● AIM OF THE EXERCISE:
Range to reproduce from the entries below: the line with "Dodatkowe informacje o", the line with "Чертеж печатной платы", and every line in between. Give them exactly and give nothing else.

● SUPPLIED MATERIAL:
= Beginning of Section =

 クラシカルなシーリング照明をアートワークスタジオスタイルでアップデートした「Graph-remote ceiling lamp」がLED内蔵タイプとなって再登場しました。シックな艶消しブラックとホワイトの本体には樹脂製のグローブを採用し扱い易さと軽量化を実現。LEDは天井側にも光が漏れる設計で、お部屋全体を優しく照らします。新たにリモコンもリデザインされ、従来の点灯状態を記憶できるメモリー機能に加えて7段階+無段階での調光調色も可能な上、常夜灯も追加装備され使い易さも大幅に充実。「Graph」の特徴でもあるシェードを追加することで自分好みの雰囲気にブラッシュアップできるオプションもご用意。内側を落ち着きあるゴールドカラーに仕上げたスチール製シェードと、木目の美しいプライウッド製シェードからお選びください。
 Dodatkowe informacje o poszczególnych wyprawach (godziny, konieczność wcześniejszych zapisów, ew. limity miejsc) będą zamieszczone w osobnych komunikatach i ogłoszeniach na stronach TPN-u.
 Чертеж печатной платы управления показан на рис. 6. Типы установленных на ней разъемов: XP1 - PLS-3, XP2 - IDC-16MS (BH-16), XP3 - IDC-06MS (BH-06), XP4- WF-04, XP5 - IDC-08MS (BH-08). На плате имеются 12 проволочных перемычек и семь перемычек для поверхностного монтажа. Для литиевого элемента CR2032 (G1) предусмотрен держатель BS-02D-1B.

= End of Section =
= Beginning of Section =

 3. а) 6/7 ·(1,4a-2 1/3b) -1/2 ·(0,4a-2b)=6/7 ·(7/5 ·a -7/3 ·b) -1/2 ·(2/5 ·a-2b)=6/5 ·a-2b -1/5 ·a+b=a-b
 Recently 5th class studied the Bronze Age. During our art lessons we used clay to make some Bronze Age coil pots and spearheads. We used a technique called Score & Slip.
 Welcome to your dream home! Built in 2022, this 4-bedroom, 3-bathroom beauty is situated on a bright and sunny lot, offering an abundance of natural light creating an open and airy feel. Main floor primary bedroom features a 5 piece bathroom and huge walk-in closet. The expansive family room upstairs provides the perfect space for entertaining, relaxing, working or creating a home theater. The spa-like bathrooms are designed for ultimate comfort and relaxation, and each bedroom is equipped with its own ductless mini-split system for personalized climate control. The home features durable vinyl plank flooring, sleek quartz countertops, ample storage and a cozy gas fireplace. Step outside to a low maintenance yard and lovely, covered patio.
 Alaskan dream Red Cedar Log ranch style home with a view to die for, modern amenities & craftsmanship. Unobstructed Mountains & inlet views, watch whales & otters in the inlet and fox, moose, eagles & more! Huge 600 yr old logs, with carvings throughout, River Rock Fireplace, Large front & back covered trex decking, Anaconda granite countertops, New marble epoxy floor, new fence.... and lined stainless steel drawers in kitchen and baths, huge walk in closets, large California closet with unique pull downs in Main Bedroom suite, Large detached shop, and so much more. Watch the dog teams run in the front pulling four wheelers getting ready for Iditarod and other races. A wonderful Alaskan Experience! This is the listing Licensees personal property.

= End of Section =

● WRITTEN REPLY:
 Dodatkowe informacje o poszczególnych wyprawach (godziny, konieczność wcześniejszych zapisów, ew. limity miejsc) będą zamieszczone w osobnych komunikatach i ogłoszeniach na stronach TPN-u.
 Чертеж печатной платы управления показан на рис. 6. Типы установленных на ней разъемов: XP1 - PLS-3, XP2 - IDC-16MS (BH-16), XP3 - IDC-06MS (BH-06), XP4- WF-04, XP5 - IDC-08MS (BH-08). На плате имеются 12 проволочных перемычек и семь перемычек для поверхностного монтажа. Для литиевого элемента CR2032 (G1) предусмотрен держатель BS-02D-1B.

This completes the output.